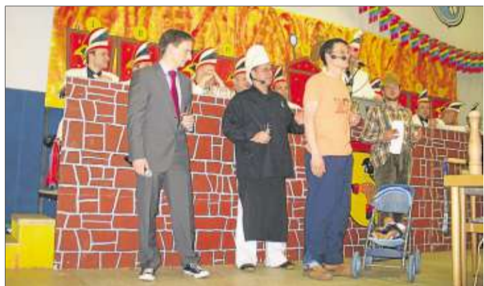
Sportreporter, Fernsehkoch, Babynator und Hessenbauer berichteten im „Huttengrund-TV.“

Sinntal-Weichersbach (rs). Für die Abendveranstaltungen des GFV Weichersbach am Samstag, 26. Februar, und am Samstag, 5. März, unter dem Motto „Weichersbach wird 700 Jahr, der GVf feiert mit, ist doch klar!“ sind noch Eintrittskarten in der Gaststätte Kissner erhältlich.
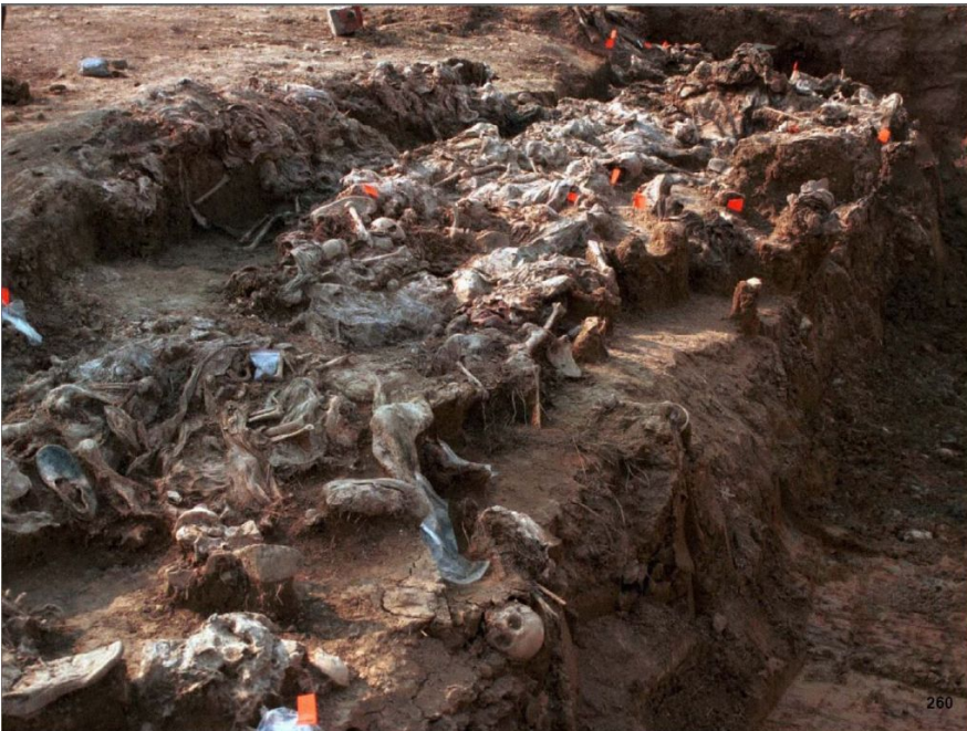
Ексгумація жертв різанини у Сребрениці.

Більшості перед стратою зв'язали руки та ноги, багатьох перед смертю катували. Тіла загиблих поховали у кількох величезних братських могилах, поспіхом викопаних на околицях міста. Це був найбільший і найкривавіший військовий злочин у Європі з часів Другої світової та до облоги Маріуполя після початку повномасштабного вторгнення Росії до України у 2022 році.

==

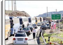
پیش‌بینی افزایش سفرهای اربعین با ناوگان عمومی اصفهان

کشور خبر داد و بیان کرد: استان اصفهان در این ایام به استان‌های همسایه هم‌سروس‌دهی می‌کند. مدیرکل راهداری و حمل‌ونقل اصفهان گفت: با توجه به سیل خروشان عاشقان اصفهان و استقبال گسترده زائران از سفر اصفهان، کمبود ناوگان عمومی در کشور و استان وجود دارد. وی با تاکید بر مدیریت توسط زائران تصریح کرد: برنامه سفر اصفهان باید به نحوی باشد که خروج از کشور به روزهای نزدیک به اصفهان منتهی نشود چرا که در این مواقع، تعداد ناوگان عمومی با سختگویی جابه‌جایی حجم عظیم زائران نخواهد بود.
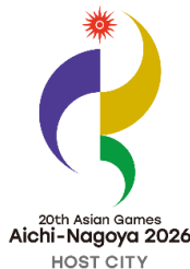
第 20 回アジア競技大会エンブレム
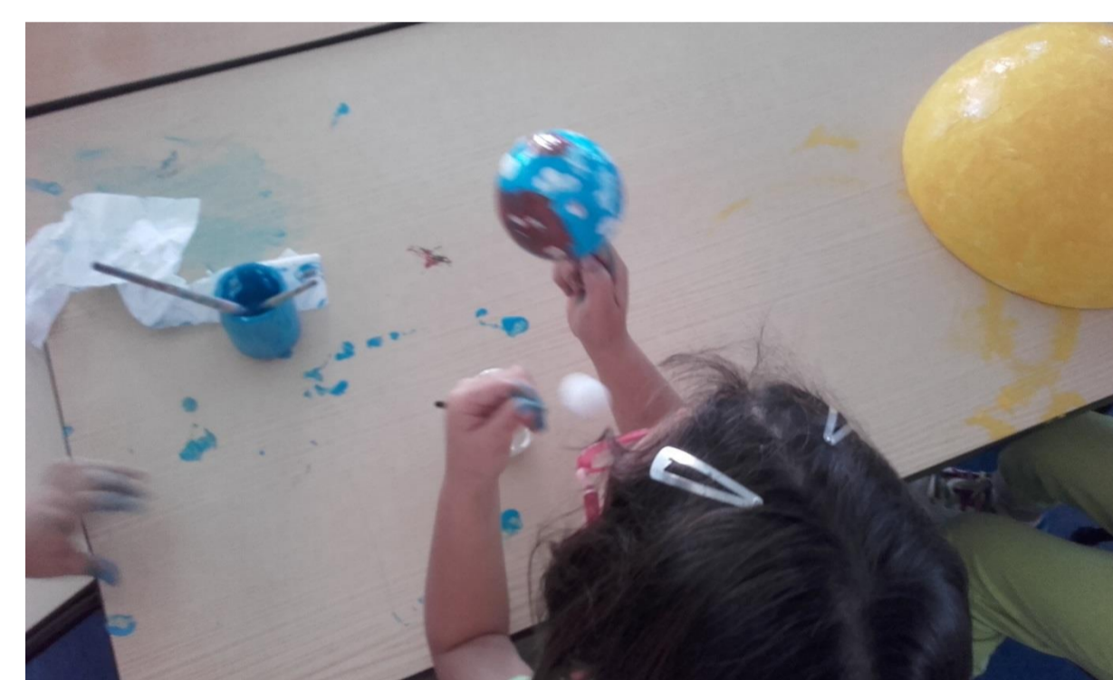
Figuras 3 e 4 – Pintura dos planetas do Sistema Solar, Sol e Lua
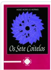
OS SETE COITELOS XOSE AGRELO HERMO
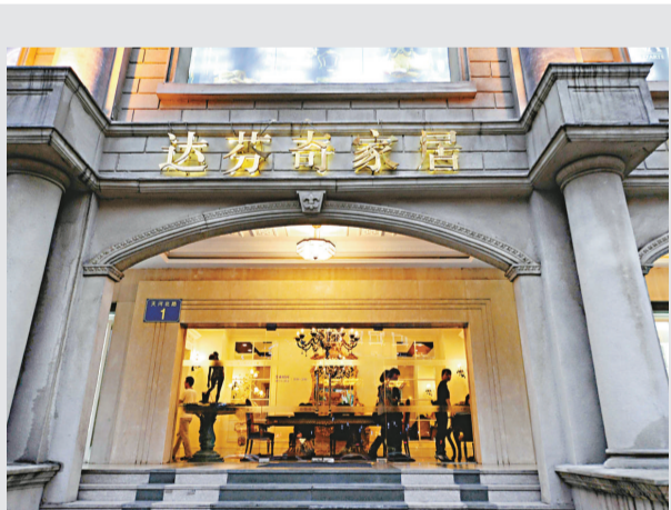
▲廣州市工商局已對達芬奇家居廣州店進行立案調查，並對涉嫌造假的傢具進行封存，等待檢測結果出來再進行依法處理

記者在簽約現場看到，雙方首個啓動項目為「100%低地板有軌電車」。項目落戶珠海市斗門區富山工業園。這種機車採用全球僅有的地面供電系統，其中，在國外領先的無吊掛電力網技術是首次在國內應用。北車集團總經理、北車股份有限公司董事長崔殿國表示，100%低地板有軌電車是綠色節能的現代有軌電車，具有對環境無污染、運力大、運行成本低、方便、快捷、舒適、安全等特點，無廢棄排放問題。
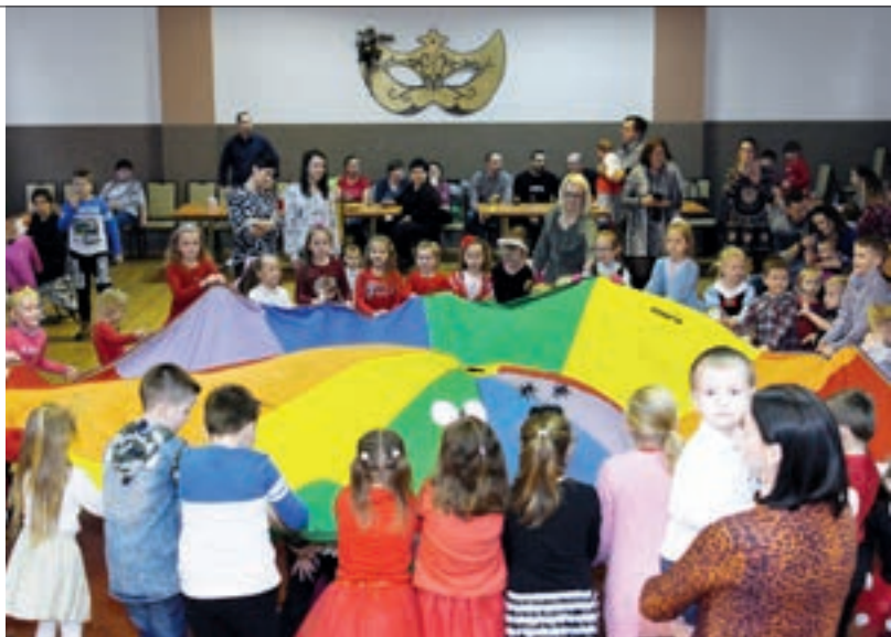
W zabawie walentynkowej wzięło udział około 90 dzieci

» What you need to do
Your answer should be the lines above, from the line containing "Ексгумація жертв різанини у Сребрениці." up to and including the line containing "Більшості перед стратою", reproduced exactly and with nothing else.

» Answer box
Ексгумація жертв різанини у Сребрениці.

Більшості перед стратою зв'язали руки та ноги, багатьох перед смертю катували. Тіла загиблих поховали у кількох величезних братських могилах, поспіхом викопаних на околицях міста. Це був найбільший і найкривавіший військовий злочин у Європі з часів Другої світової та до облоги Маріуполя після початку повномасштабного вторгнення Росії до України у 2022 році.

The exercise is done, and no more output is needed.